ProMéxico is a trust fund of the Federal government of Mexico —a subdivision of the Secretariat of Economy— that promoted international trade and investment. ProMéxico used to be in charge of the country's active participation in the international arena by firmly establishing Mexico as an attractive, safe and competitive destination for foreign investment; encouraging the exportation of national products and supporting the internationalization of Mexican companies; providing specialized advisory services to boost the export of products and services and increasing the presence of Mexican businesses abroad, and guiding the attraction of foreign direct investment (FDI) into the country.
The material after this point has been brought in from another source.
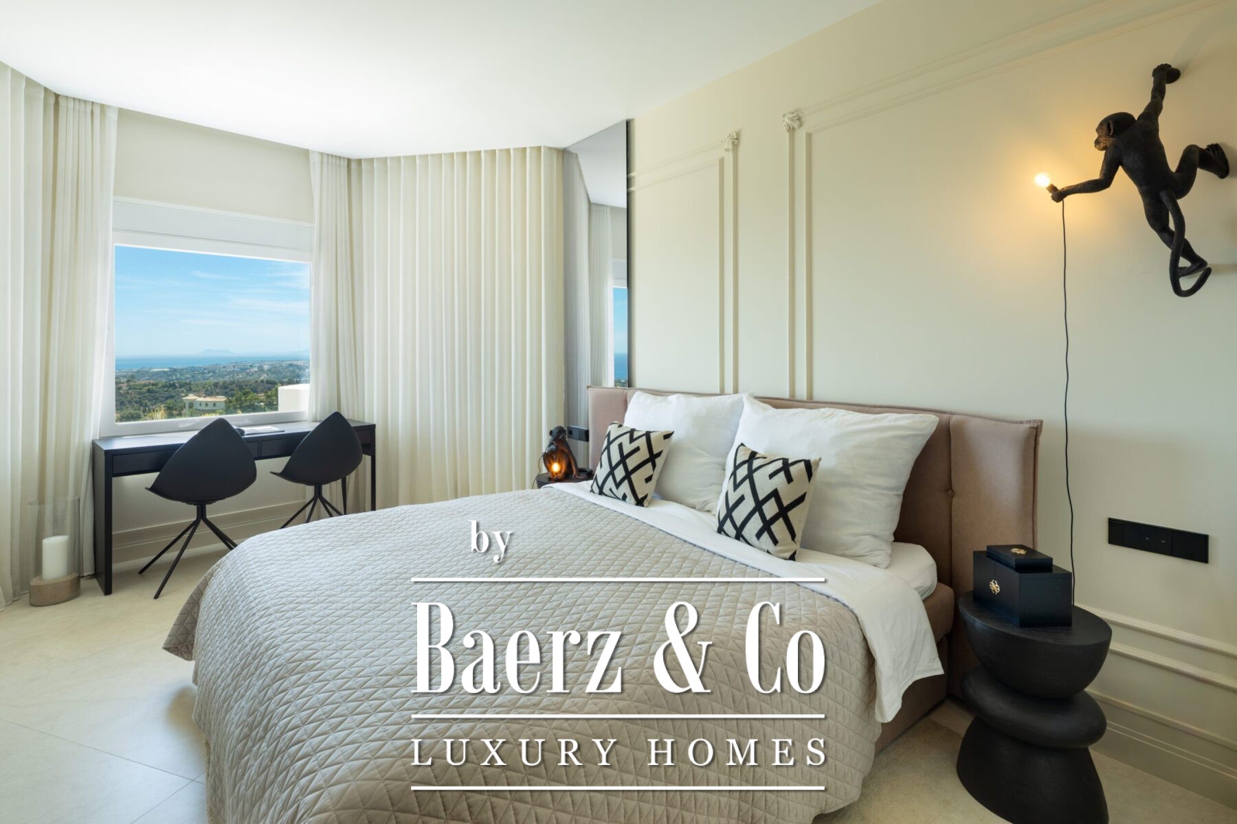 Terraces frame panoramic views of the Mediterranean and La Concha mountain, with sunlight illuminating both indoor and outdoor spaces from morning through evening. These outdoor areas, ideal for relaxation or entertaining, feature a private plunge pool, outdoor kitchenette, and BBQ, seamlessly extending the living experience in tune with the local climate.

ProMéxico had a network of 48 offices in 31 countries with sizeable economies that accounted for more than 70% of the world gross domestic product. In Mexico, 30 offices provided the public with a wide range of services and support.

==History==
On June 1, 2007 the then President of Mexico, Felipe de Jesús Calderón Hinojosa, along with several federal secretaries, signed the decree ordering the establishment of ProMéxico as a “State-owned public trust fund,” for an initial term of fifty years, with the right to revoke its term at any time according to the applicable provisions.
Representing the Presidency, Eduardo Sojo Garza Aldape—the Secretary of Economy at that time—inaugurated the XXIV National Convention of Retail Trade (XXIV Convención Nacional del Comercio Detallista) ANTAD 2007 and announced the creation of ProMéxico, “trade and investment, that will be the new window to open markets and promote foreign trade and investment.”

===CEOs of ProMéxico===
- 2007 to 2010: Bruno Ferrari
- 2010 to 2012: Carlos Guzmán
- 2012 to 2013: Ernesto de Lucas Hopkins
- 2013 to 2017: Francisco N. González Díaz
- 2017 to date: Paulo Carreño King

==Structure==
ProMéxico has the following operational organizational structure:

- General Directorate
- Administration and Finance Unit (Unidad de administración y finanzas, UAF)
- Export Promotion Unit (Unidad de promoción de exportaciones, UPE)
- Institutional Support and Relations Unit (Unidad de apoyos y relaciones institucionales, UARI)
- Business Intelligence Unit (Unidad de inteligencia de negocios, UIN)
- Foreign Investment and Business Promotion Unit (Unidad de promoción de inversiones y negocios internacionales, UPINI)
- Advisors General Coordination (Coordinación general de asesores, CGA)
- Legal Affairs General Coordination (Coordinación general de asuntos jurídicos, CGAJ)
- Communication and Image General Coordination (Coordinación general de comunicación e imagen, CGCI)
- There are ProMéxico offices located throughout the world, usually within the regional Consulate General of Mexico. They are responsible for the business interests of Mexico within their region, including exporting from Mexico, foreign investment and many other forms of economic exchange. ProMéxico Vancouver for example has within its jurisdiction British Columbia, Alberta, Yukon and Alaska.
Offices exist in
Latin America: Brazil, Chile, Colombia and Guatemala.
North America: Houston, Los Angeles, Dallas, New York, Chicago and Miami in the United States, and Vancouver, Toronto and Montreal in Canada.
Asia: Shanghai, Hong Kong, Japan, Korea, Beijing, Singapore, Taiwan, Mumbai and Dubai.
Europe: United Kingdom, France, The Netherlands, Spain, Italy, Belgium, Germany, Switzerland and Sweden.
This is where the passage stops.